At 12:01 a.m. last Monday I was bitten by a mosquito. One minute into Memorial Day, the unofficial start of summer. Didn’t know if the skeeter had the decency to wait, or if they were all lined up waiting for the gun to go off. Gentlemen … hone your needles!
You’re frowning, because it’s the womenfolk skeeters who bite. You know that because you know more about mosquitoes than you like. How many do you think you’ve killed in your lifetime? Not enough, you say with a scowl that makes the guy in those “Breaking Bad” posters look like Gandhi. You only regret that their deaths were quick, but, alas, you can’t slap in slow motion.
Since the season is upon us, it’s time to learn how to avoid exsanguination. There are many tools! None work.
1. Never leave the house and sit in a room full of bats — if you can work from home that is. Advantages: no mosquitoes. Disadvantages: conference calls difficult to hear over the deafening sound of leathery wings
2. Spraying stuff on your skin. There are several kinds, from “kid friendly” to the presumably kid-hating DEEP WOODS. This also repels chiggers, so you do not end up chigged. Why do they make DEEP WOODS versions? No one ever says, “Heck, that’s too much bug repellent.” I want something that repels all bugs with such force I can stand on the roof and disrupt butterfly migration patterns from a distance of 60 miles. Advantages: sort of works, if you soak your clothes to the saturation point, then ignite the spray to create a long plume of flame. Disadvantages: You smell like a Vietnam-era chemical weapon.
3. Plastic bracelets that supposedly ward off mosquitoes. As far as I can tell, these prohibit mosquitoes from biting the area covered by the plastic bracelet, so in that respect they’re a pip.
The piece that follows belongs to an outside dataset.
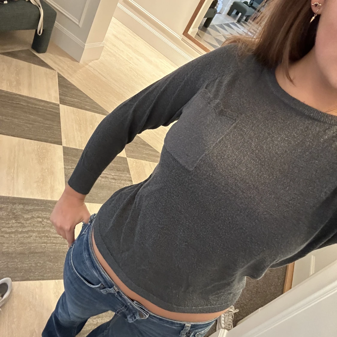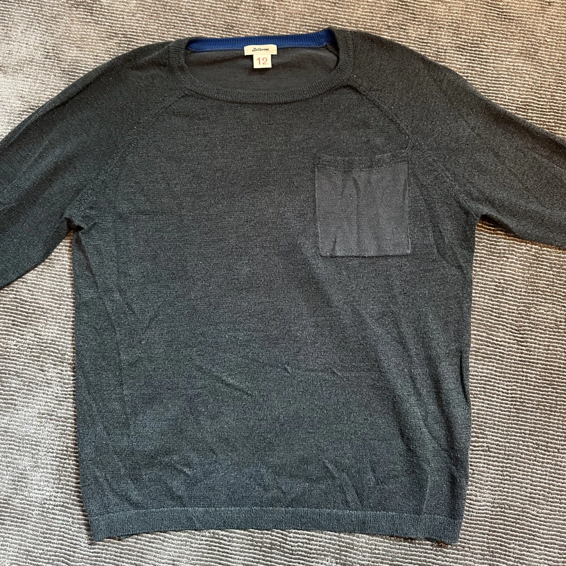 Detta är en superfin grönglittrig tröja med en liten ficka. Den är superfin och mjuk och relativt tunn och luftig. Är i storlek 12 men kan även användas som en snygg kortare topp. Mycket bra kvalitet och endast använd ett fåtal gånger, köpt för ca 700kr❤️❤️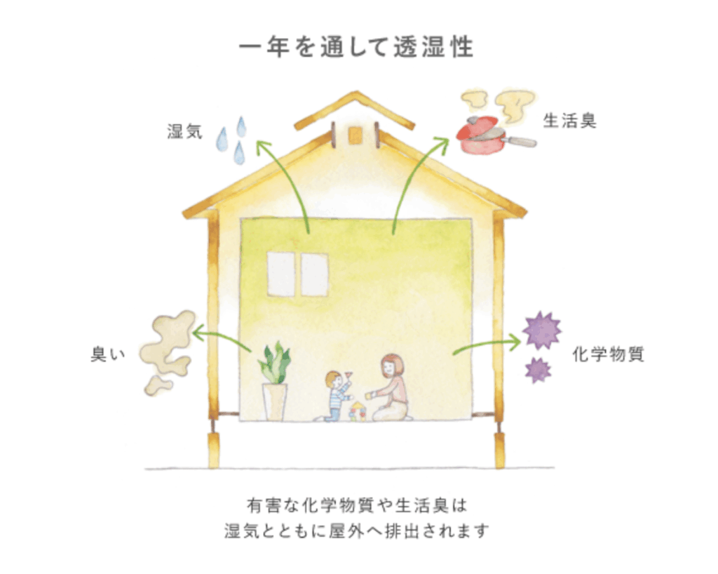• 壁や天井に透湿性のある自然素材(紙クロス・珪藻土・漆喰等)を使用するので科学的な匂いが少なく、空気が綺麗

Personal-area clip-on sprays. I don’t know if they still make these. Had one a few years back. Clipped on your belt, and exuded chemicals that made mosquitoes avoid your left side and circle around to the right. The instructions said it should not be used if you’re dealing with food or drink, but who sits around in the summer outside not eating and drinking?
4. Staking out a goat in the back yard to draw the bugs. Advantages: works. Disadvantages: Since skeeters are attracted not just by warmth but carbon dioxide, you have to make the goat hyperventilate.
This requires inducing panic, which is difficult, so you have to Google “how to panic a goat” and you transpose some letters by mistake. “Did you mean ‘how to panic a gaot’?” Google asks. “Show results for how to panic a gaot,” and you click on that because you never heard of a gaot. Ten minutes later you’re watching a YouTube video about baby gaots, and they’re just adorable. Some sort of weasel, I guess.
5. Citronella oil. I’ve found this works quite well — if you wear a flame-retardant suit, soak yourself in the oil and set yourself alight. Anyone sitting next to you will get bitten, though.
One year I bought six bamboo stakes with tanks of citronella, staked them out around the patio, lit the wicks, and felt like I should have had a pig roasting on a spit. Where would you get one? Amazon? What do I search for, swine? CUSTOMERS WHO BOUGHT SWINE ALSO BOUGHT THIS, and it’s flip-flops and a power drill. People are strange.
Wife says: “These torches aren’t working.” You respond, “Shhh, I’m comparing prices on beach shoes and a sow.”
6. Netting. This is the most low-tech solution available. Our back yard Target gazebo has netting that zips up for those nights when the skeeters are so thick you’re down a pint after five minutes outside. They still get in. Crawling on their bellies. Whistling the “Colonel Bogey March.”
7. I saw a cheap, easy way to build your own “eco-friendly” mosquito trap. The trap: Saw off the top of a 1.5L soda bottle. Fill it with 200 mL of warm water and 50 g of sugar, then add 1 g yeast. You’re thinking: great for catching European bugs, but American skeeters don’t use the metric system.
Granted. Use an online translator to figure it out. Invert the bottle part you sawed off, stick it over the mixture, wrap it in newspapers and place it in a dark corner. Maybe put a sign on it that says “FREE BLOOD.”
Does it work? I’ve no idea. I know the prospect of finding a plastic bottle full of drowned mosquitoes is deeply satisfying; you’d want to sing “AND MY HEART WILL GO ON” in a loud mocking parody of Celine Dion’s “Titanic” hymn. But if mosquitoes can lay a billion eggs in a bottle-cap’s worth of water, what could they do in 1.5 liters?
Better to smear yeast on a goat and put plastic bracelets around its legs and dig a moat and fill it with citronella. Chances are you’ll get at least 100 bites this year, but with this scheme? We’re talking 94, 95. Worth it.